Your output should be everything below from the line containing "Az ELTE-s kutatócsoport" down to the line containing "JUEGO SABANAS MINICUNA", both ends included, copied exactly, with pictures left out.
-- Given records follows --
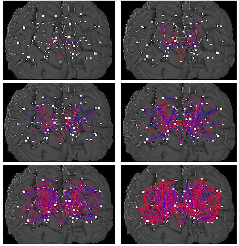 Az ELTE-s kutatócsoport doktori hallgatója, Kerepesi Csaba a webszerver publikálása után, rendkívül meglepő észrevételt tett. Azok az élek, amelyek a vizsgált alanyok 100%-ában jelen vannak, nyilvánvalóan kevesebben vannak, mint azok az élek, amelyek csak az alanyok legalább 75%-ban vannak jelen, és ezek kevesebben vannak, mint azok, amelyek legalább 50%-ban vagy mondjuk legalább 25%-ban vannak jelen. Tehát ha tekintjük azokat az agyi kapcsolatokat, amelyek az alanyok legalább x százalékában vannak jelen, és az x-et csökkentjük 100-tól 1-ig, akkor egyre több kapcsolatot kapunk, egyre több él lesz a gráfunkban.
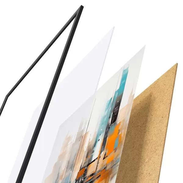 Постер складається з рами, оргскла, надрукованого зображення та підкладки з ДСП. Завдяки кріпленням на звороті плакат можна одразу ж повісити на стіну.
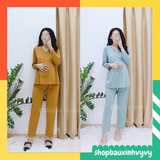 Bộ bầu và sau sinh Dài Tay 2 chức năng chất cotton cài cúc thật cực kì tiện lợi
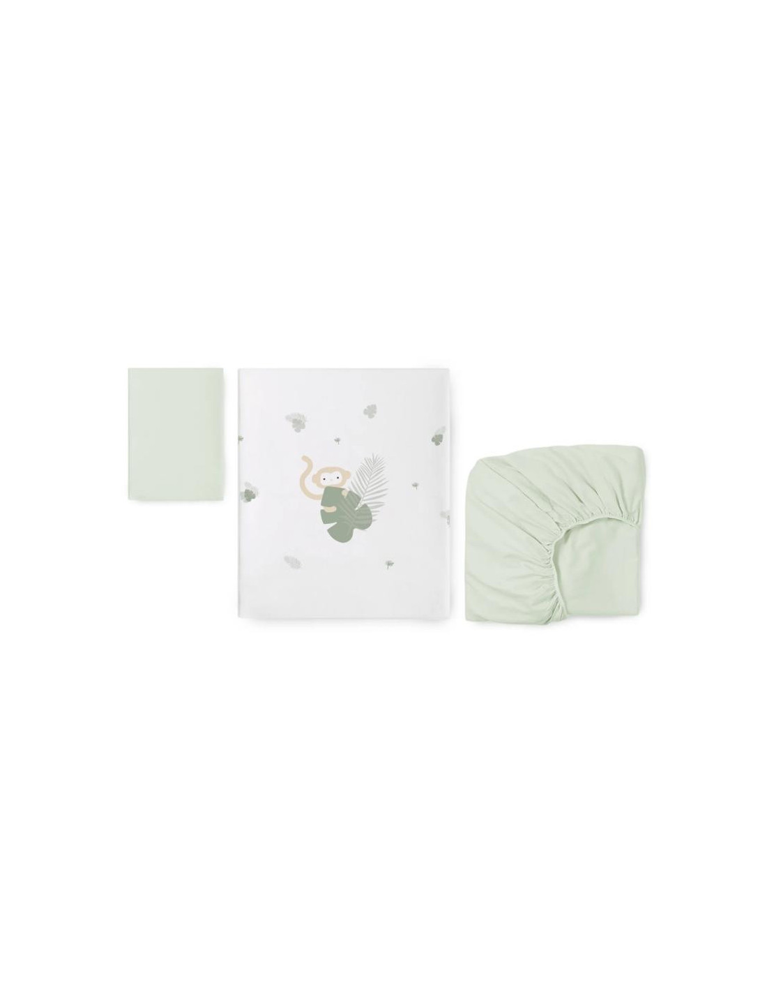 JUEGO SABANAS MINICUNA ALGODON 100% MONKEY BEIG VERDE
-- Given records concluded --
-- Given records follows --
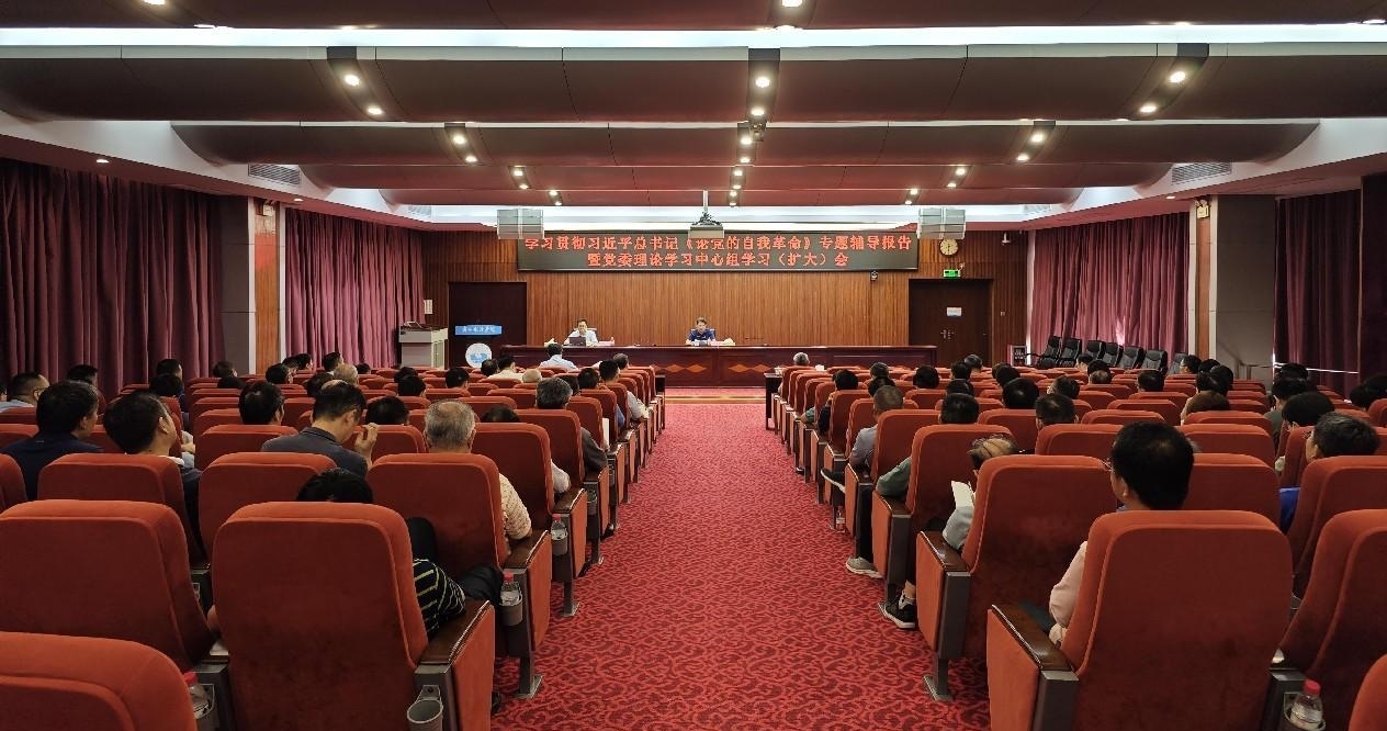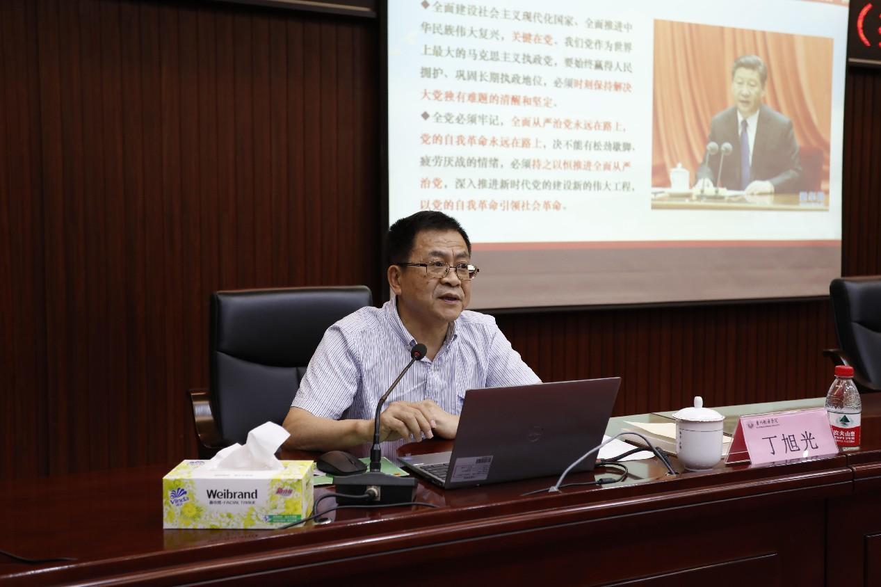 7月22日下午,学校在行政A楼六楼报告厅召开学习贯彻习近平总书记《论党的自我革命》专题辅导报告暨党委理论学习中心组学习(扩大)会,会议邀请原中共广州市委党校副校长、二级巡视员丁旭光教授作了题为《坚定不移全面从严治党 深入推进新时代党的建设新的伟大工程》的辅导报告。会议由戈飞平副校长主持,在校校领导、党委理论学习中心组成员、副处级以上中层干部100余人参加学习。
-- Given records concluded --
Reply:
 Az ELTE-s kutatócsoport doktori hallgatója, Kerepesi Csaba a webszerver publikálása után, rendkívül meglepő észrevételt tett. Azok az élek, amelyek a vizsgált alanyok 100%-ában jelen vannak, nyilvánvalóan kevesebben vannak, mint azok az élek, amelyek csak az alanyok legalább 75%-ban vannak jelen, és ezek kevesebben vannak, mint azok, amelyek legalább 50%-ban vagy mondjuk legalább 25%-ban vannak jelen. Tehát ha tekintjük azokat az agyi kapcsolatokat, amelyek az alanyok legalább x százalékában vannak jelen, és az x-et csökkentjük 100-tól 1-ig, akkor egyre több kapcsolatot kapunk, egyre több él lesz a gráfunkban.
 Постер складається з рами, оргскла, надрукованого зображення та підкладки з ДСП. Завдяки кріпленням на звороті плакат можна одразу ж повісити на стіну.
 Bộ bầu và sau sinh Dài Tay 2 chức năng chất cotton cài cúc thật cực kì tiện lợi
 JUEGO SABANAS MINICUNA ALGODON 100% MONKEY BEIG VERDE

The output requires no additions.